Jeep Recall Day: Picture on the recall sign up page (no kidding). Mom’s thrilled, the dealer’s amused, and the kid just realized the family plug-in hybrid isn’t allowed to plug in anymore — but don’t worry, the service advisor says the battery might explode and the fix is ‘coming soon,’ which everyone is somehow treating like that’s totally normal. Kid begins lifelong distrust of Chrysler products.
December 6, 2025
By Brian Hews, 2025 Jeep Owner
Jeep has a new message for owners of the 2025 Wrangler 4xe plug-in hybrid: Congratulations on buying an electric vehicle. Please don’t plug it in. Also, don’t park it in your garage. And while you’re at it, keep it away from other vehicles and structures, just in case the battery decides to reenact a Fourth of July finale.
That’s the stunning guidance buried inside Jeep’s latest safety recall notice for the 4xe’s high-voltage battery, a defect so serious that the company still hasn’t figured out how to fix it. In the meantime, owners are told to deplete the battery, stop charging altogether, and then rely solely on gasoline. This is a remarkable instruction for a vehicle that costs extra precisely because it’s supposed to run on electricity.
The recall, labeled 68C and quietly dropped into mailboxes across the country, warns that the battery may become damaged during normal operation, increasing the risk of fire. NHTSA filings show multiple fires have already occurred nationwide. Some vehicles even caught fire after receiving earlier so-called fixes. Jeep’s solution? Keep driving it on gas and hope nothing lights up before they eventually craft a real remedy.

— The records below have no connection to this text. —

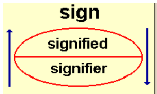
Figure2. Saussure's sign schema (culled from David Chandler)

The notion that language is arbitrary is a celebrated aspect of Saussure's programme. In his own definition, Saussure itemizes language among the other semiotic systems claiming that "...it is the most important of all these systems" (16). Further explaining the nature of language, Saussure notes that it is built on the scaffold of signs with the claim that an instance of the linguistic sign will always produce two aspects – the signifier and the signified. Consider the following diagram:
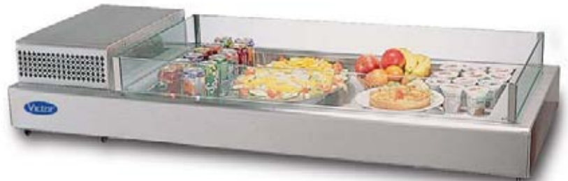
Model No. BTOREF1 1500 x 650 x 260mm 1.0kW
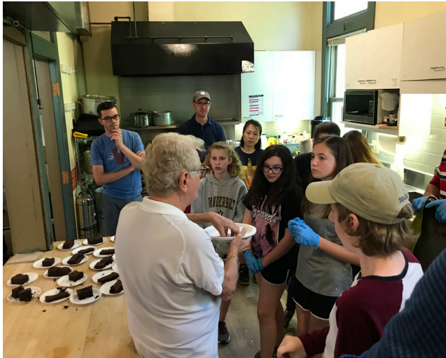
Helping prepare and serve lunch at the Episcopal Church of our Savior, near Lincoln Park which places high value on fostering community through its Circle of Friends program.
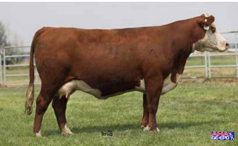
Lot 10 — TDP Heidi 97E
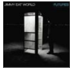
JIMMY EAT WORLD Futures Interscope (003358)
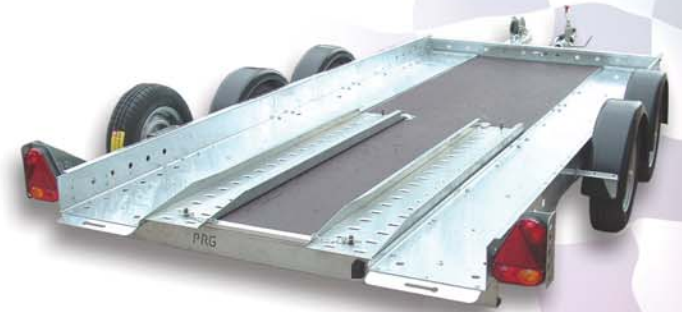
SUPERSPORT 14 WITH 6" 'SUREGRIP' RAMPS AND OPTIONAL CENTRE DECK
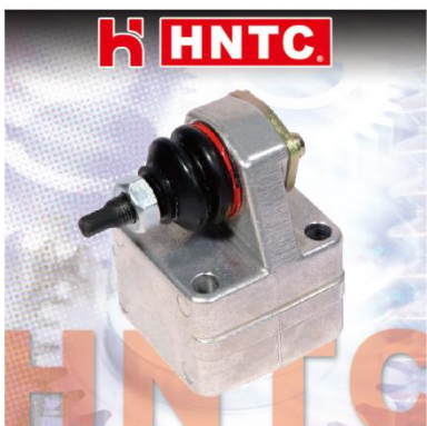
HNTC END, SHIFT CYL VALVE EURO 2. 補助缸後蓋球頭組(二期) ZF16S151二期16S 6038-211-1-H
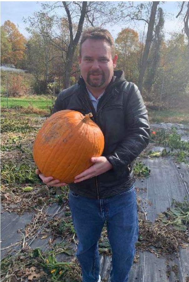
Our pumpkin patch was amazing

Hard work pays off! Our 2021 harvest has been one of the best to date. All of the workers, participants and volunteers at OASIS Farms can take pride in the beautiful harvest of late summer and fall.
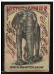
Booklet: "History of Animals and Leading Curiosities . . ." featuring Jumbo on cover (T 2014.045.001)
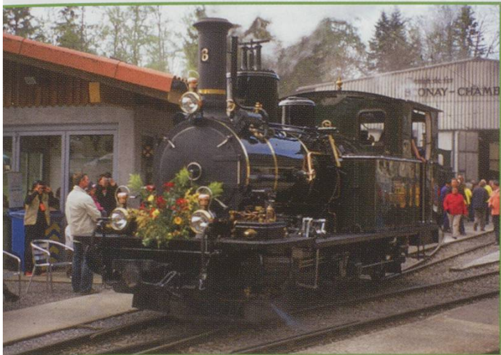
TOP LEFT: DFB HG 2/3 No. 6 "Weisshorn" runs round its train at Chaulin Museum. 1 May 2008.

But here’s the part Jeep doesn’t mention in its carefully scripted mailer: forcing owners to run a plug-in hybrid as a gas-only SUV means those owners are now paying out of pocket for fuel they didn’t budget for. Owners bought a plug-in hybrid to save money and use electricity. Jeep disabled that feature overnight and hasn’t offered a dime in fuel reimbursement.
If this were happening in any other industry, regulators would be howling. Imagine buying a solar-powered home only to be told to stop using the panels and run a diesel generator in your backyard until further notice. Jeep seems to think customers should simply shrug and pick up the gas tab.
Stellantis, Jeep’s parent company, insists it is working on a remedy. Owners have heard that line before. Some 4xe drivers have been living in recall limbo for months during previous high-voltage battery campaigns. And as the company drags its feet, owners are left with a very expensive, very heavy SUV masquerading as a half-functioning hybrid.
Until Jeep steps up with real compensation, the message to consumers is clear: you paid for an electric-capable vehicle, but you’re on your own when the electric part stops working. And, apparently, they still expect you to smile while filling the tank.
recalls.mopar.com has the updates Jeep won’t give you — because nothing says customer care like making you chase your own recall.